## Samplers [[documentation]](https://childproject.readthedocs.io/en/latest/samplers.html)

Samplers are tools for drawing and extracting portions of the recordings, 
which can then be annotated by humans.

Samplers can draw audio segments randomly, periodically, or in a targeted fashion,
by looking for relevant portions of audio (e.g. conversational blocks, or segments that are known to contain speech).

ChildProject implements the following samplers: `PeriodicSampler`, `VocalizationSampler`, `ConversationSampler`, `HighVolubilitySampler`, `EnergyDetectionSampler`. However, it is also possible to implement custom samplers.
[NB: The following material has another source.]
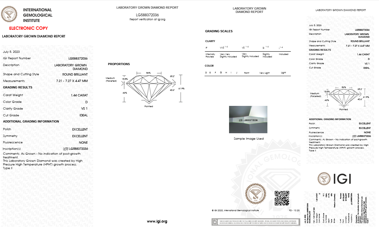 Tutti i diamanti di C-01 jewels sopra 1,00 ct (per quanto riguarda i tagli di forma) sono dotati di di certificatione IGI internazionale.

Below, we propose to draw portions of audio will a lot of turn-taking between the key child and the mother, using the `ConversationSampler`. 

### Loading the project

In [2]:

from ChildProject.projects import ChildProject
project = ChildProject("/mnt/data/vandam-data")
project.read()
project.recordings

Unnamed: 0,experiment,child_id,date_iso,start_time,recording_device_type,recording_filename,duration
2,vandam-daylong,1,2010-07-24,06:58,lena,BN32_010007.mp3,50464512


### Initalizing and running the sampler

If you are not a python aficionado, this can be also be done from the commandline:
```bash
child-project sampler /mnt/data/vandam-data segments.csv conversations --annotation-set vtc --interval 1000
```

In [8]:
from ChildProject.pipelines.samplers import ConversationSampler

# initialize sampler
sampler = ConversationSampler(
    project=project,
    annotation_set="vtc", # use VTC annotations to search for conversational blocks
    by="recording_filename", # sample each recording individually
    count=5, # select the five longest conversations per recording
    interval=1000, # less than 1000 ms between turns
    speakers=["CHI", "FEM"]
)

# retrieve samples
samples = sampler.sample()
samples

Unnamed: 0,recording_filename,segment_onset,segment_offset,turns
0,BN32_010007.mp3,38313992,38349761,20
1,BN32_010007.mp3,47086707,47111291,14
2,BN32_010007.mp3,45935525,45953497,11
3,BN32_010007.mp3,24294392,24310992,11
4,BN32_010007.mp3,38418011,38432698,11


The output of a sampler is a list of segments characterized by their corresponding recording and the onset/offset timestamps (in milliseconds). In order to have them annotated, one might want to extract the corresponding audio clips. 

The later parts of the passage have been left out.